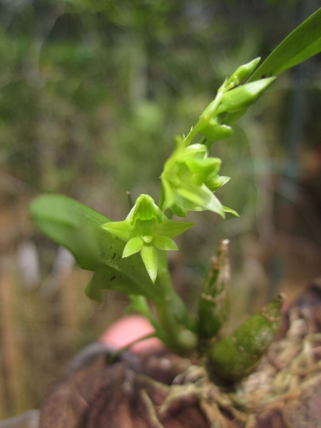 Found in Thailand at elevations of 200 to 600 meters as a mini-miniature sized, hot growing epiphyte with close set, fat, nearly conical pseduobulbs carrying 3 to 4, broad, unequally bilobed apically leaves that blooms in the summer and early fall on 1 to 2, axillary, 1.2" [3 cm] long, 6 to 10 flowered inflorescence arising on nodes at or near the apex of newly emerging stems.
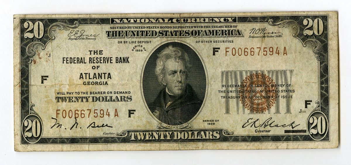 GA. Federal Reserve Bank of Atlanta, Georgia, 1929. $20, Series of 1929, Fr.# 1860-G, Jones | Woods Signatures, brown seal at right, S/N F00667594A, Choice Fine to VF condition.
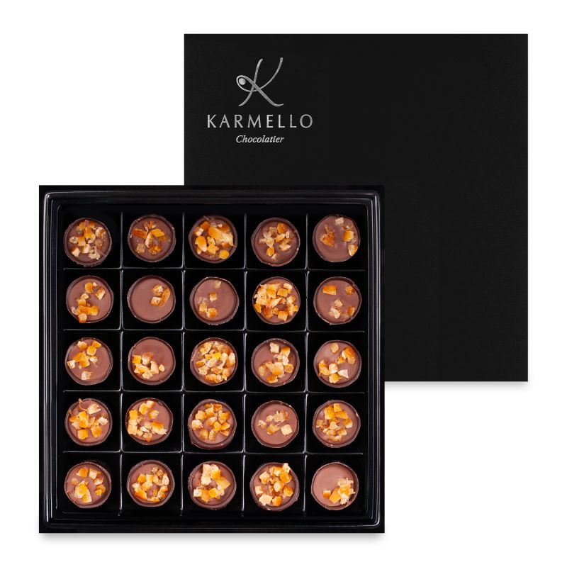 Zartes Karamell kombiniert mit einem erfrischenden Orangenaroma, umgeben von entschiedener dunkler Schokolade. Die sich perfekt ergänzenden Aromen werden durch kandierte Orangenschalen unterstrichen.
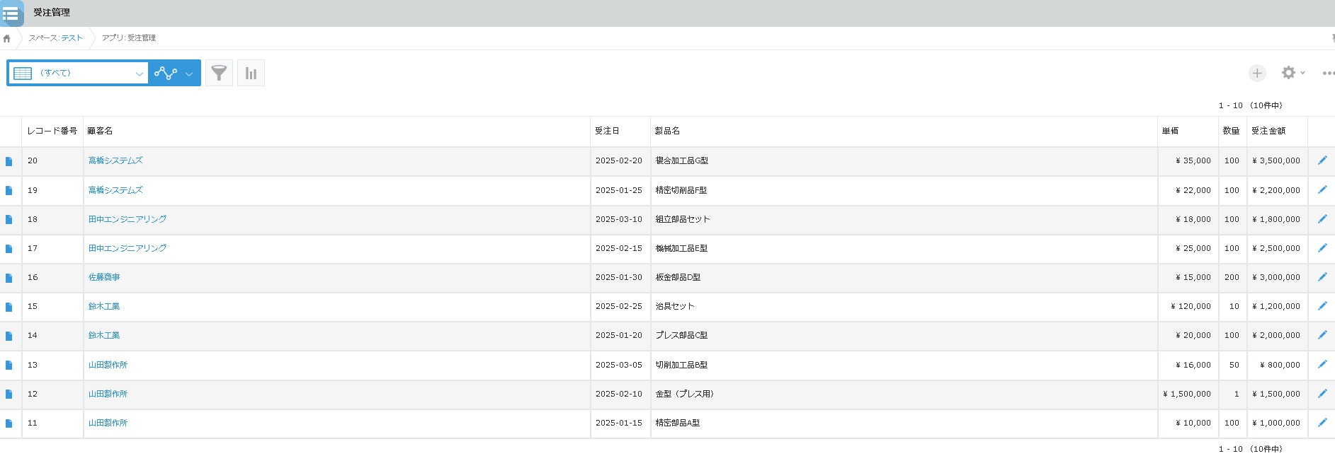 顧客管理アプリで山田製作所のレコードを開くと、関連レコード一覧で3件の受注履歴が表示されます。
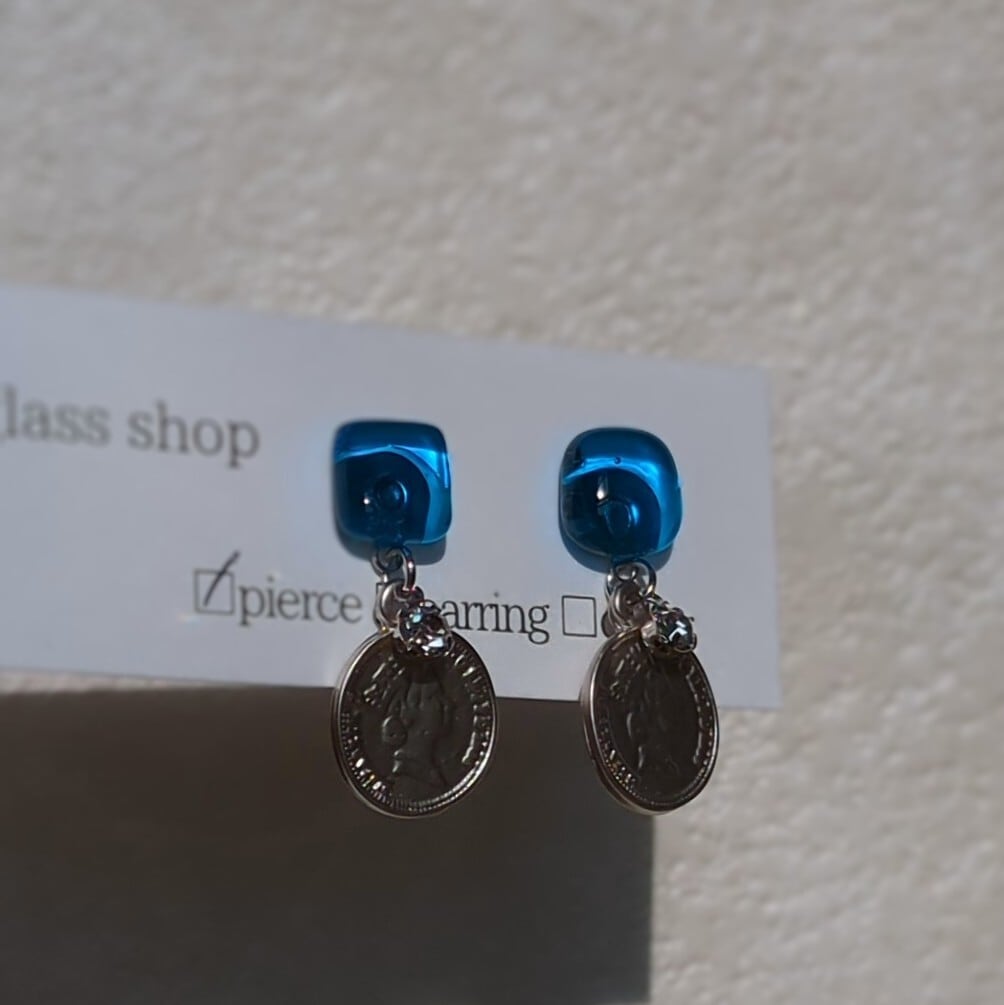 澄んだライトターコイズブルーのガラスに、マットシルバーのコインを添えました。
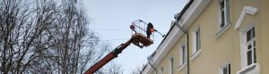 На прошлой неделе работники ЖЭУ продолжали чистить кровли от снега...
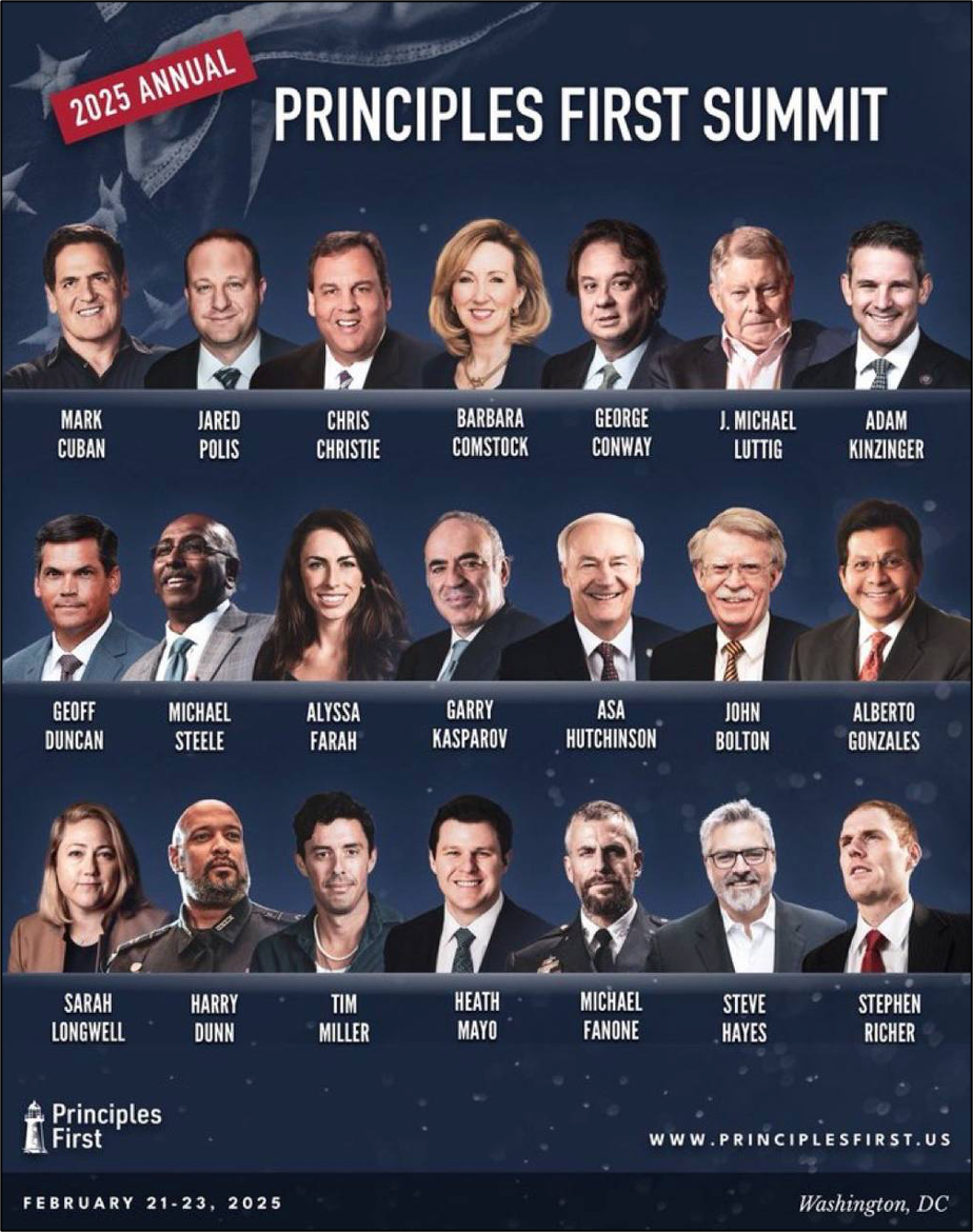 I ran across Lt. Colonel Steve Murray’s Telegram channel this morning and saw this flyer for the upcoming Principles First event in Washington, D.C., spanning from February 21-23, 2025:
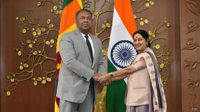සෙනසුරාදා ඉන්දියාව බලා පිටත්ව ගිය විදේශ අමාත්ය මංගල සමරවීර අද ඉරිදා ඉන්දීය විදේශ අමාත්යවරිය සුශ්මා ස්වරාජ් හමු වී සාකච්ඡාක් පවත්වා තිබේ.
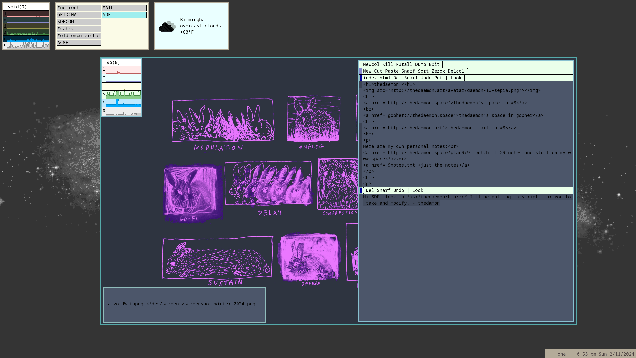 arrow-up11arrow-down1imageWinter 2024 SDF Plan 9 Bootcamp Entryplus-squarelemmy.sdf.orgthedæmon@lemmy.sdf.org to Plan9@lemmy.sdf.orgEnglish · 2 years agomessage-square0linkfedilink
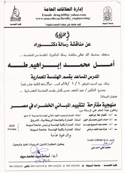 مناقشة رسالة الدكتوراة المقدمة من المهندس / أمل محمد ابراهيم طه 16 سبتمبر 2014 مناقشة رسالة الدكتوراة المقدمة من المهندس / أمل محمد ابراهيم طه
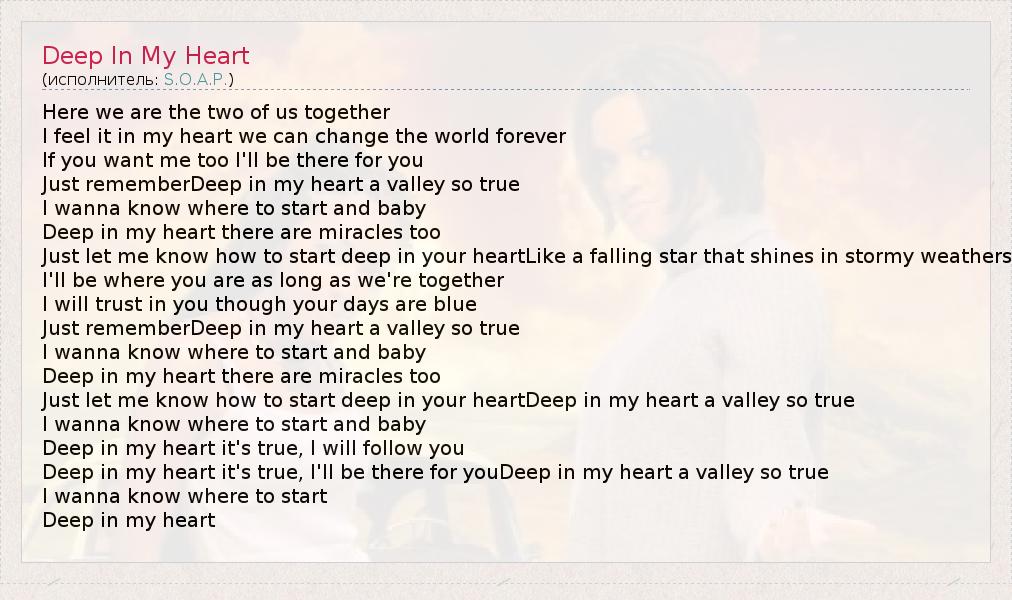 А как ты думаешь, о чем песня "Deep In My Heart" ?
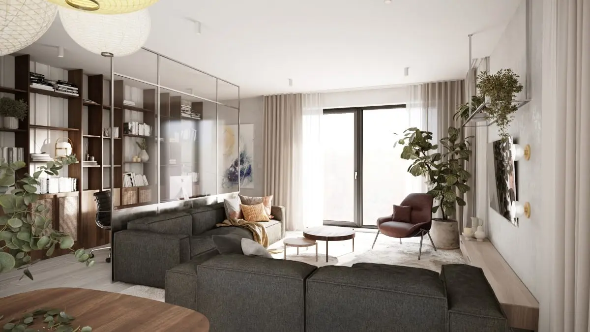 Tuż obok jadalni znajduje się płynne przejście do strefy wypoczynkowej. Dwie rodzinne sofy bez widocznych twardych elementów konstrukcyjnych otulają przestrzeń i zapraszają do relaksu. W salonie znalazło się też miejsce na subtelnie wydzielony gabinet do pracy zdalnej.
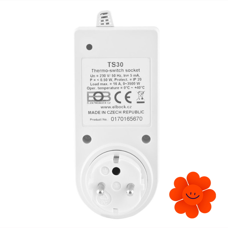 Elektrobock TS30 je digitálna tepelne spínaná zásuvka pre automatickú reguláciu elektrických vykurovacích spotrebičov, ktorou možno nastaviť teplotu na 5-39 °C. Ovládanie je jednoduché pomocou dvoch tlačidiel, ktoré regulujú teplotu krokovo po 0,5 °C. Na displeji nad tlačidlami sa po pripojení zásuvky zobrazuje aktuálna teplota v miestnosti. Zásuvka disponuje rozšírenými funkciami, ktorými je možné automaticky regulovať teplotné programy. Automatickou teplotnou reguláciou pripojeného spotrebiča môžete ušetriť až 30% energie. TS30 je vhodná do miest, kde sa využíva prepínanie nízkej a vysokej tarify. Krátkodobé vypínanie neskracuje životnosť prístroja a po obnovení napájania pokračuje vo zvolenom programe.
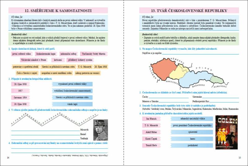 5-48 Barevný pracovní sešit je rovněž rozvržen do 15 částí a vhodně doplňuje učebnici. Zábavnou formou si zde žáci mohou procvičovat a upevňovat své znalosti. Součástí tohoto pracovního sešitu je nově i časová přímka (všita uprostřed sešitu).
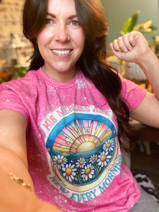 His Mercies are New | Hand Bleached Faith-Based Graphic Tee
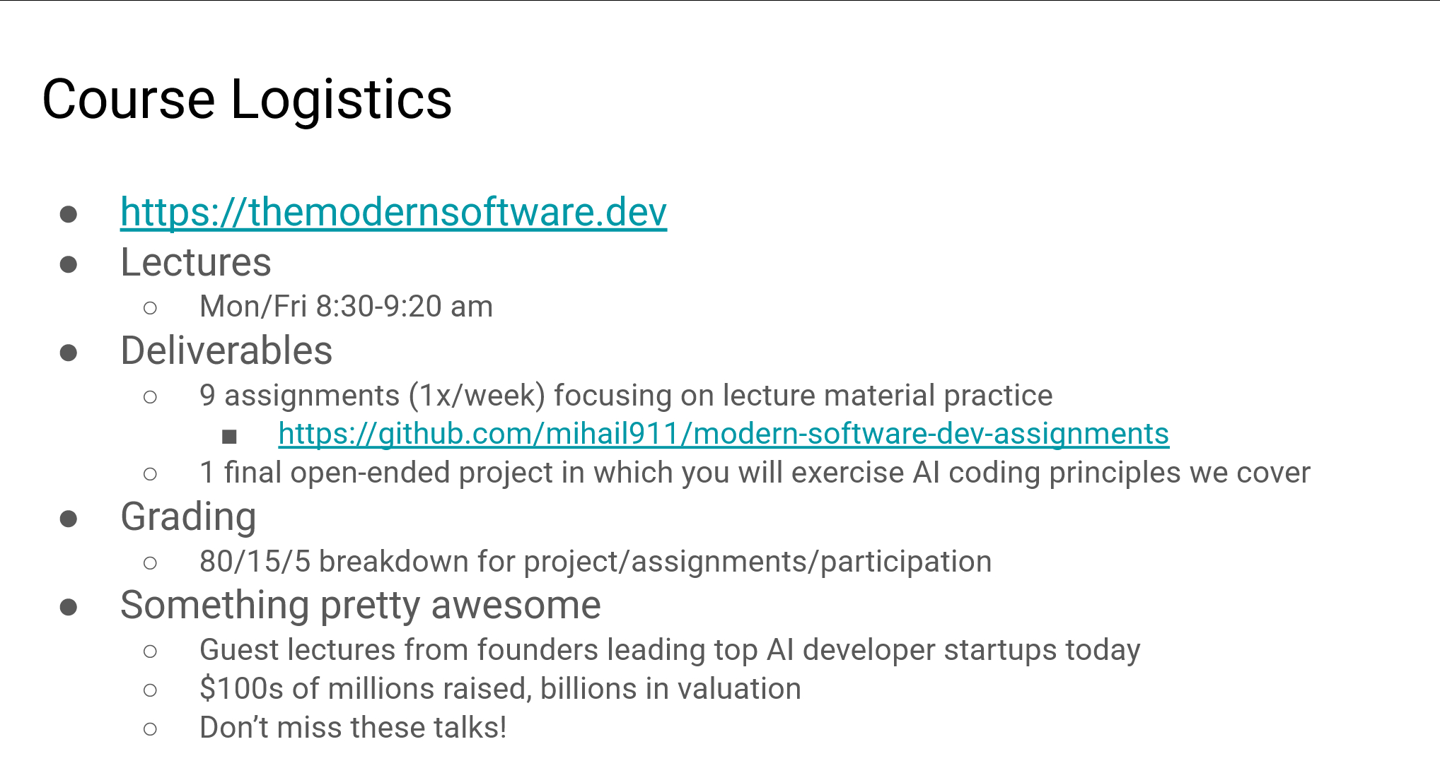 斯坦福新开设的一门教你如何利用LLM提高开发者的生产力的课程:现代软件开发者课程主页: themodernsoftware.dev/课程还在更新中,会逐步放出PPT等资料。在过去的几年里,大型语言模型引入了一个在软件开发中具有革命性的新范式。传统的软件开发生命周期正被人工智能自动化在每个阶段所改变,这引发了一个问题:下一代软件工程师应该如何利用这些进展,提升十倍生产力并为他们的职业生涯做好准备?本课程展示了现代人工智能工具不仅能提高开发者的生产力,还能使软件工程更加普及,惠及更广泛的受众。我们将展示,软件开发已从零到一的代码创建,发展为一个迭代工作流程,包括计划、与人工智能协作生成、修改和重复。学生将掌握传统软件工程挑战背后的理论,以及当前通过前沿的人工智能工具解决这些问题的实践。通过实际的工程任务和行业先锋的讲座,学生将获得使用人工智能辅助开发、自动化测试、智能文档编写和安全漏洞检测的实践经验。在课程结束时,您将清晰理解如何将先进的语言模型集成到复杂的开发工作流程中,并避免常见的陷阱。科技先锋官
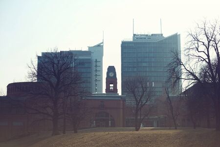 Morning cityscape view on the modern financial district near the Crown Prince bridge in Berlin city

----------

# DIRECTIONS FOR THIS TASK:
Return exactly the stretch above whose first line contains "5-48 Barevný pracovní" and whose last line contains "His Mercies are", and nothing outside it. The pictures should not appear.

# SOLVED EXERCISE:
 5-48 Barevný pracovní sešit je rovněž rozvržen do 15 částí a vhodně doplňuje učebnici. Zábavnou formou si zde žáci mohou procvičovat a upevňovat své znalosti. Součástí tohoto pracovního sešitu je nově i časová přímka (všita uprostřed sešitu).
 His Mercies are New | Hand Bleached Faith-Based Graphic Tee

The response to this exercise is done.